Common sense persuades the undersigned that there is a legitimate safety interest which is served by not permitting Bus Drivers to work an unlimited number of hours. Neither Section 22, nor any other contract language relied upon by the Union, requires the City to implement the least restrictive work rule. As discussed supra, Section 22 only requires that Work Rule 3.22 be reasonable. It is not unreasonable, per se, for the City to conclude that Bus Driver safety and public safety is served by limiting the Bus Driver work day to 12.5 hours. (6)
The grievance challenging Work Rule 3.22 requests (1) that the City not implement the work rule and (2) that the City negotiate with the Union as required by law. As discussed supra, the Union had the opportunity to negotiate with the City on its decision to implement Work Rule 3.22 when the parties negotiated their 1994-95 agreement. Neither Section 22, nor any other contract provision, requires the City to negotiate work rules during the term of the parties' 1994-95 agreement.
In summary, Work Rule 3.22 is not unreasonable per se. It is not evident that Work Rule 3.22 has been applied "unequally." Nor is it evident that Work Rule 3.22 violates any provision of the parties' agreement or any binding past practice. The City's implementation of Work Rule 3.22 is consistent with the management rights reserved to the City by Section 6, as well as with the City's Section 22 right to adopt "reasonable rules and regulations."
Based upon the above and foregoing, the undersigned issues the following
1. The City did not violate the collective bargaining agreement when it implemented Sec. 3.22 of the Municipal Transit Utility Employee's Manual.
2. The grievance is denied and dismissed.
Dated at Madison, Wisconsin, this 4th day of October, 1994.
By Coleen A. Burns /s/
Coleen A. Burns, Arbitrator
1. The City denies that there is a past practice of not limiting the number of hours worked in a day. According to the City, the Transit Manager has reserved, and exercised, the right to use discretion in limiting the number of hours worked in a day.
2. "Past Practice and the Culmination of Collective Bargaining Agreements," Proceedings of the NAA (1961).

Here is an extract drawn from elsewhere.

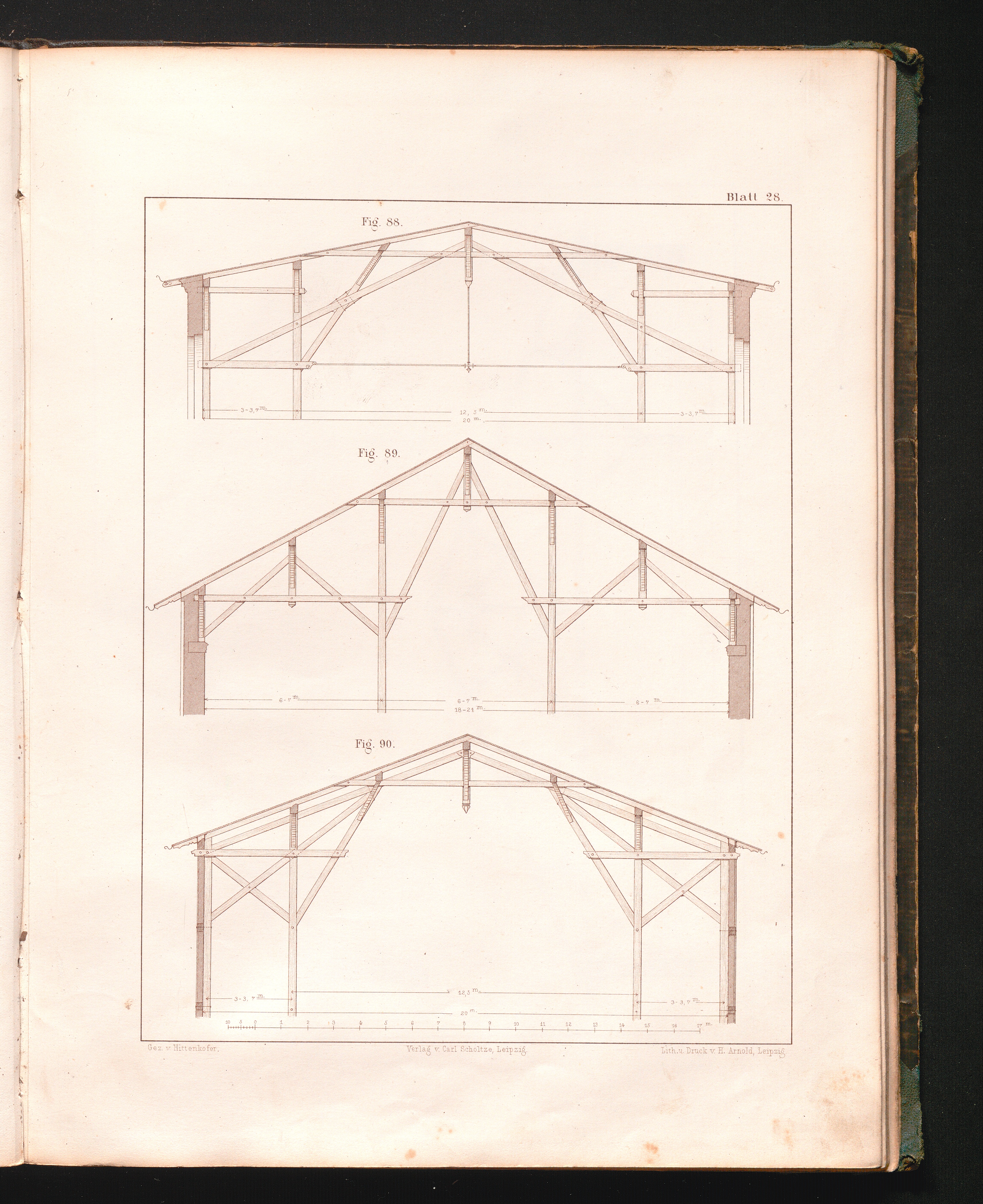Neuere Dach-Binder : nach Spannweiten und Unterstützungen im Metermaass / sytematisch zsgest. zum Gebrauche für Architekten, Baugewerkmeister und Schüler von Architekt Hittenkofer

3. As the Union argues, it is not evident that Union President Johnson requested the language contained in Work Rule 3.22. Nor is it evident that Union President Johnson expressed agreement with this language.
4. Apparently, the Union is concerned that the City will use Relief Drivers in a manner which contravenes restrictions on the use of part-time employes contained in Section 14, Paragraph Two. Work Rule 3.22, on its face, does not contravene this provision of the contract.
5. Transit Manager Carlson has acknowledged that a desire to save costs was a factor in his decision to provide Relief Drivers with a minimum of two hours work. The City has a legitimate interest in saving costs.
6. As the Union argues, Transit Manager Carlson's testimony concerning the length of work day for Bus Drivers in other municipalities is hearsay. Accordingly, it has not been credited.